What you see is not always what you get.
I must admit, Kieran Healy is a decent salesman. We begin the chapter “Look at data” at the top of his sales funnel with the exclamation that some data visualizations are better than others -- and before long we’re deep in his guidebook for learning the R programming language and ggplot. Well done.
For those who are fortunate to have sight and the necessary mental faculties, it’s reasonable to suggest there is a spectrum of quality to visualizations which span from brilliant to complete rubbish. Even between these extremes we run the risk of dwelling in the misleading middle, according to Healy:
“In your everyday work you will be in little danger of producing either a “Monstrous Costs” or a “Napoleon’s Retreat”. You are much more likely to make a good-looking, well-designed figure that misleads people because you have used it to display some bad data.”
Healy explores why differences exist in quality by deconstructing visualizations through the lenses of aesthetics, substance, and the fallibility of human perception.
We’re brought on a journey from the foundational ideas of Edward Tufte’s chart junk and data-to-ink ratios to poorly executed 3D charts, “pop out”, and optical illusions. We’re expected to be struck by the research of Bateman et al. (2010) and Anderson et al. (2011), which suggests that highly embellished charts are more easily recalled than their simplified counterparts, and that Tufte’s own data-to-ink ratio was the hardest boxplot to interpret despite its minimalism. Frankly, it’s not surprising considering the fallibility of human perception.

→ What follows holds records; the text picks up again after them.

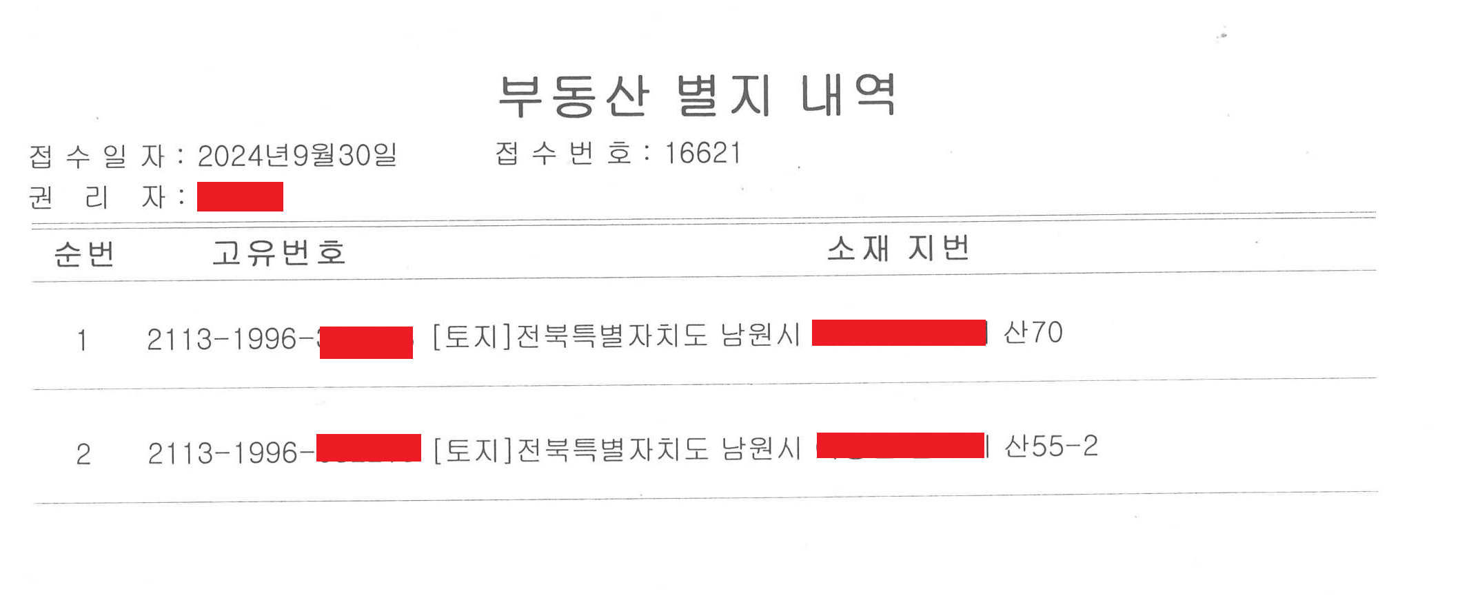 2. 별지 1 - 부동산 목록 : 1 곳( 필지 ) 가 아니라 2개 이상이면 별지가 붙네요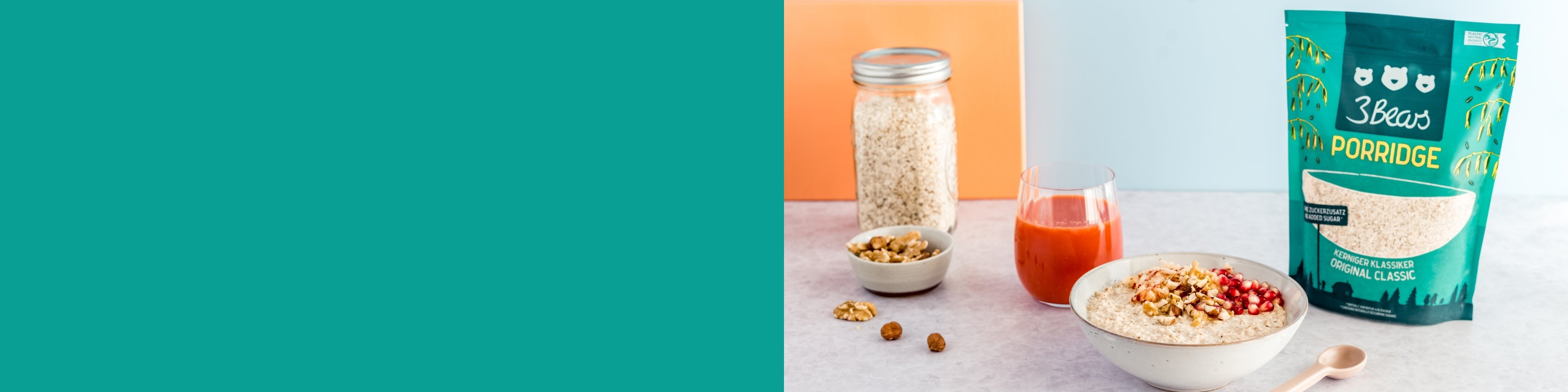- Das Wort PORRIDGE ist groß auf der Vorderseite platziert. Porridge selbst ist definiert als ein Brei, der zubereitet wird aus Haferflocken und Milch oder Wasser. Die Aufschrift „Ohne Zuckerzusatz“ ist eine Abgrenzung gegenüber anderen klassischen Porridge-Mischungen, bei welchen Zucker zugesetzt wird. Davon wollen wir uns differenzieren. Die Aufschrift “ohne Zuckerzusatz“ wird so u.a. auch in der Kategorie der Fruchtsäfte eingesetzt, in welcher es Säfte aus 100% Frucht, aber eben auch mit zugesetztem Zucker gibt oder aus Konzentrat.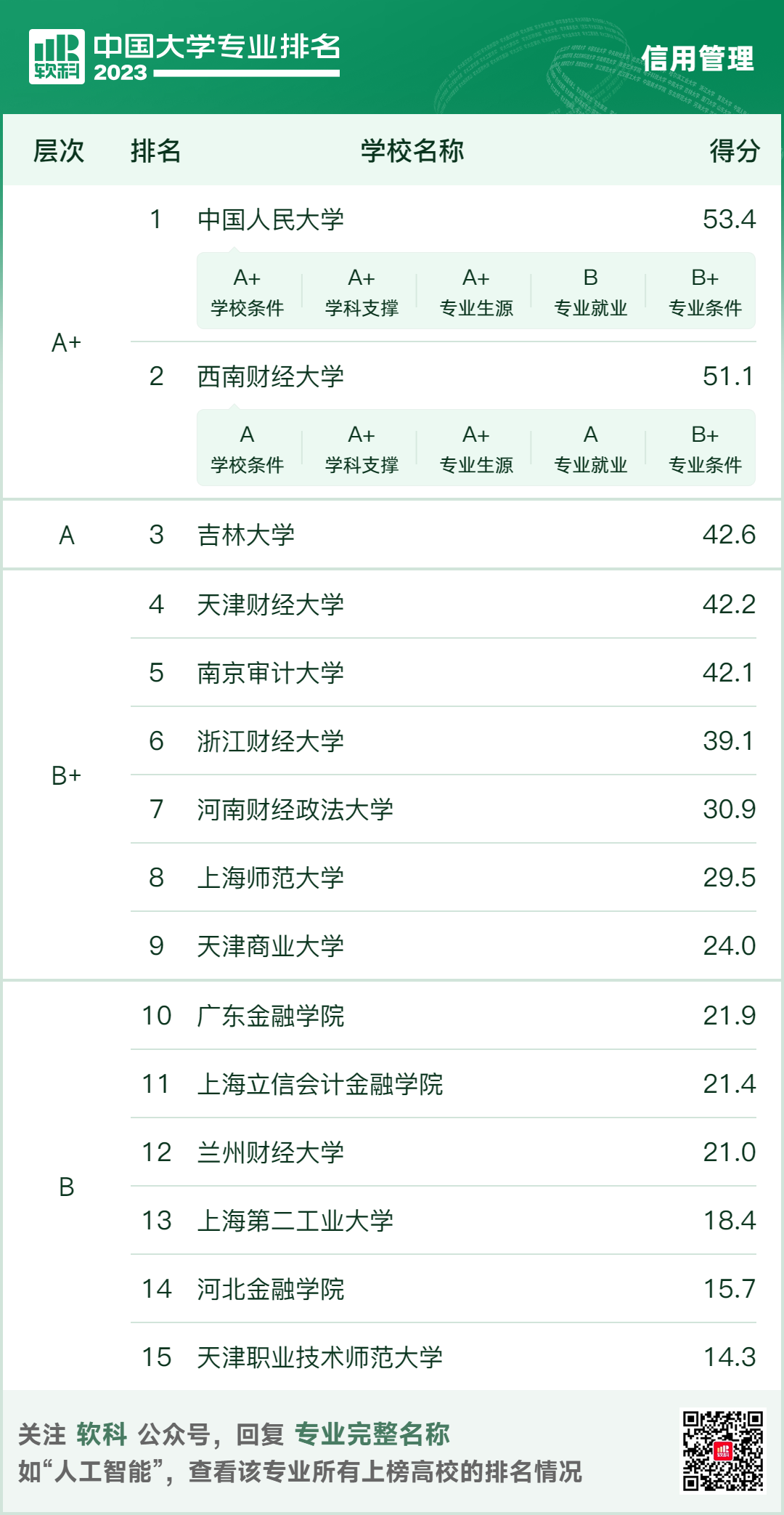 其中,信用管理專業(yè)排名結(jié)果如下:

The research on human perception and vision science (Ware, Munzer, Adelson, Bach) provides us with a baseline of how we may be deceived by contrast, brightness, and edge detection to name a few. What you see is not always what you get, and our vision systems and related processing wetware of pattern matching can be quite complex and contradictory. The idea of gestalt rules -- whereby we search for structure in random places, and sometimes fill things in where they may not exist speaks to the complexity of observation. In the end, it matters a great deal who the audience is. Our job is not merely to share meaningful insights through data, but to consider the variables which may lead our audience astray, whether these are conscious or not.
- Considering Healy’s research interests in the effect of quantification on the emergence and stabilization of social categories, data visualization seems like an ideal playground to work out his research. How does this align with him creating a guidebook to learning R?
- Imagine for a moment that you have lost your sight, how would you interpret Healy’s arguments?